# Available records
'''
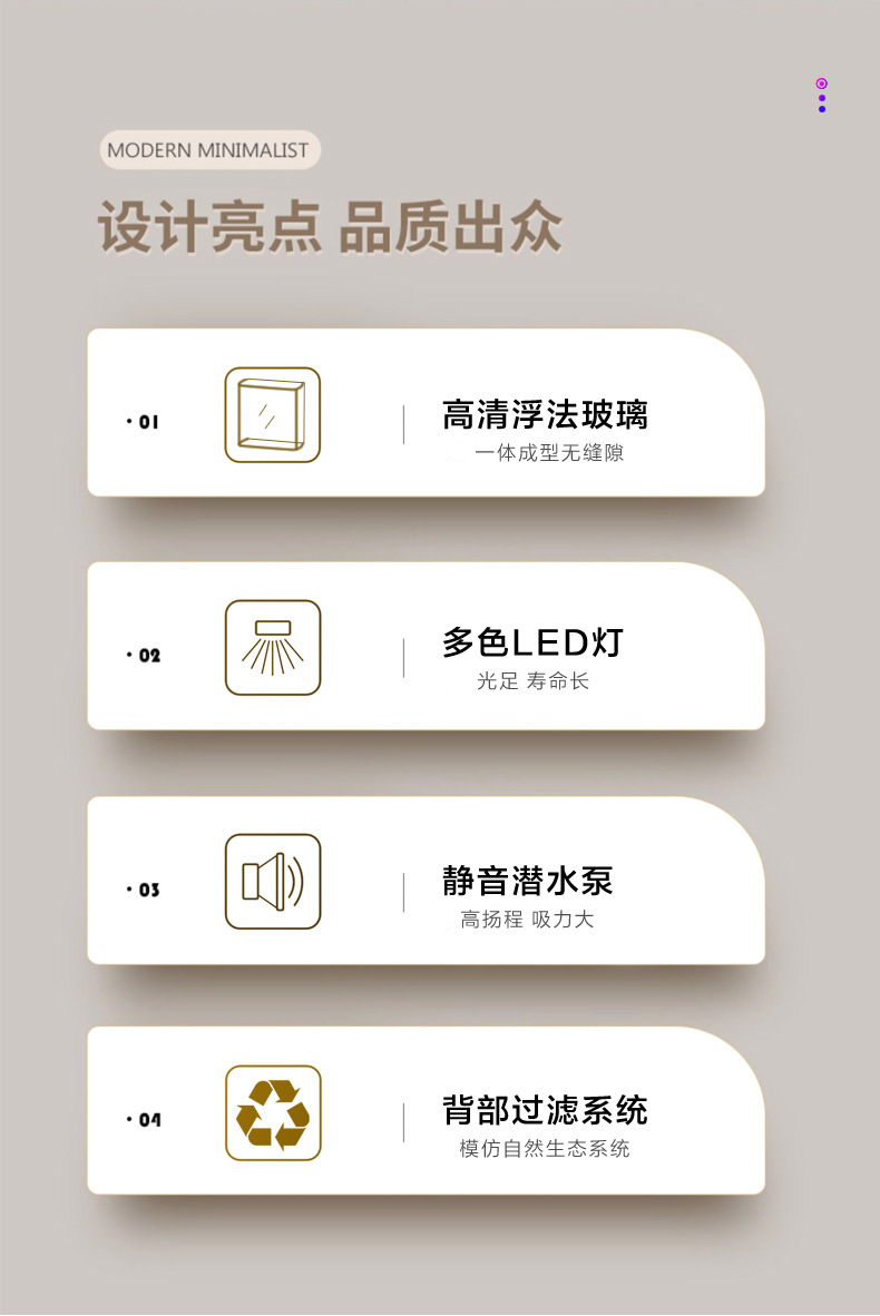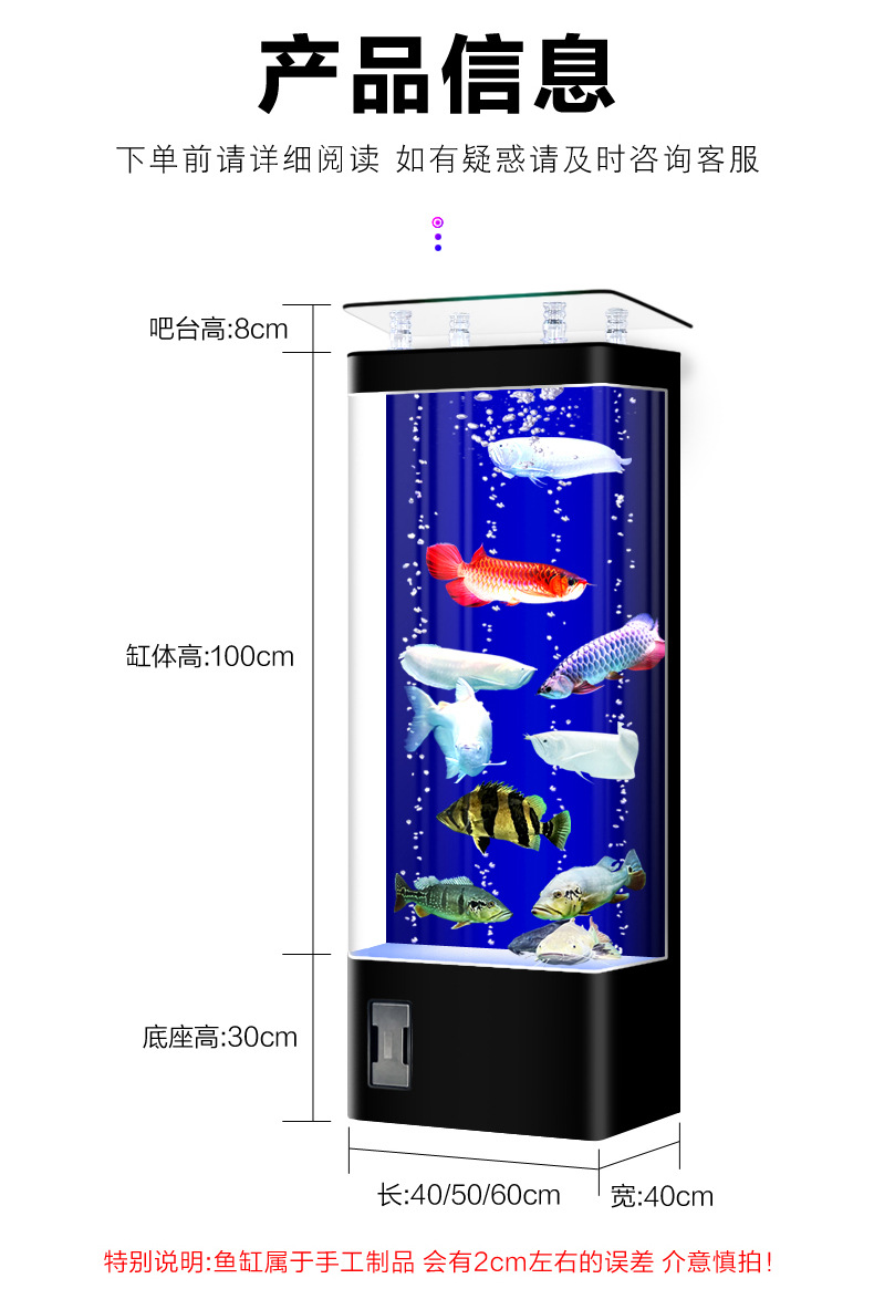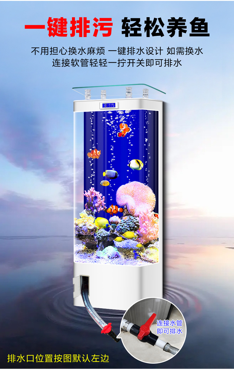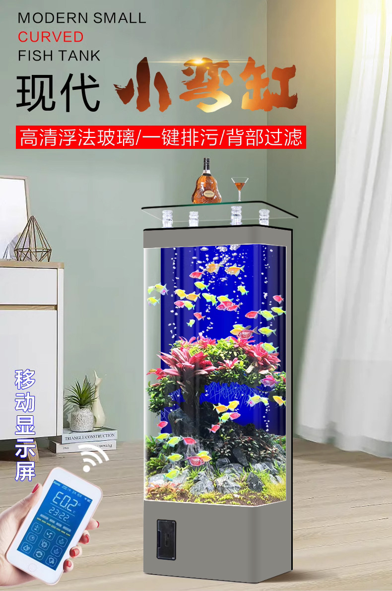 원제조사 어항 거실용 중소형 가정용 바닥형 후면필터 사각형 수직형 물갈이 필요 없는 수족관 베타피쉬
'''
'''
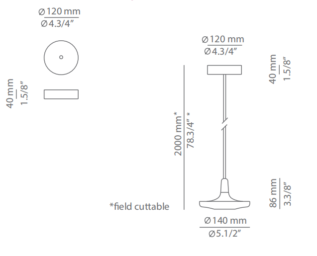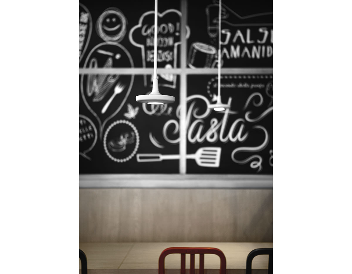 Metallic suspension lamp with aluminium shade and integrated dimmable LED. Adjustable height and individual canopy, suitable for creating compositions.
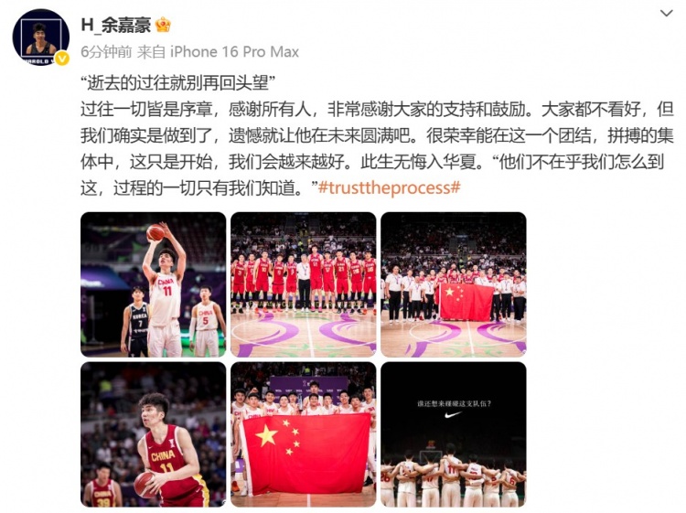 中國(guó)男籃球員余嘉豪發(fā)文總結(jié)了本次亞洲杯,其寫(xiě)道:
'''
'''
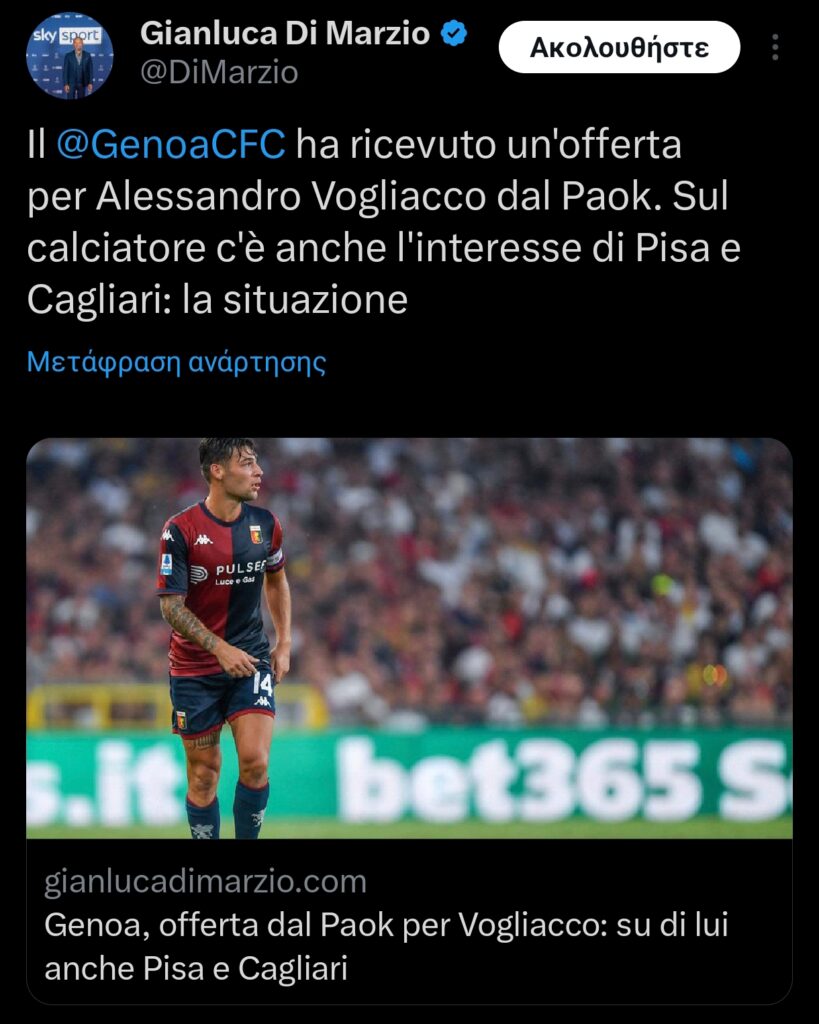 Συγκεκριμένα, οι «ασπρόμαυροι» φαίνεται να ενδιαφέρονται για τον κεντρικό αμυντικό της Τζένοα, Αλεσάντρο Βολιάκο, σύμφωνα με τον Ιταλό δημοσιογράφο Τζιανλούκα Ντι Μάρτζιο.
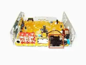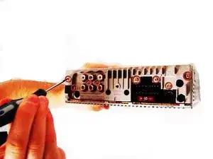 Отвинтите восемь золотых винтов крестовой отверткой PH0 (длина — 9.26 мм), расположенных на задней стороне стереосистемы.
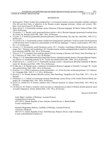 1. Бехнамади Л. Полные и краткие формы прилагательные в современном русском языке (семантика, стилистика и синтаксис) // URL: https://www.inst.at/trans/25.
'''
# Goal of the exercise
Copy nothing but the lines above from the one with "Τζιανλούκα Ντι Μάρτζιο." to the one with "1. Бехнамади Л.", inclusive, word for word. Leave every picture out.

# Solution to this problem
 Συγκεκριμένα, οι «ασπρόμαυροι» φαίνεται να ενδιαφέρονται για τον κεντρικό αμυντικό της Τζένοα, Αλεσάντρο Βολιάκο, σύμφωνα με τον Ιταλό δημοσιογράφο Τζιανλούκα Ντι Μάρτζιο.
 Отвинтите восемь золотых винтов крестовой отверткой PH0 (длина — 9.26 мм), расположенных на задней стороне стереосистемы.
 1. Бехнамади Л. Полные и краткие формы прилагательные в современном русском языке (семантика, стилистика и синтаксис) // URL: https://www.inst.at/trans/25.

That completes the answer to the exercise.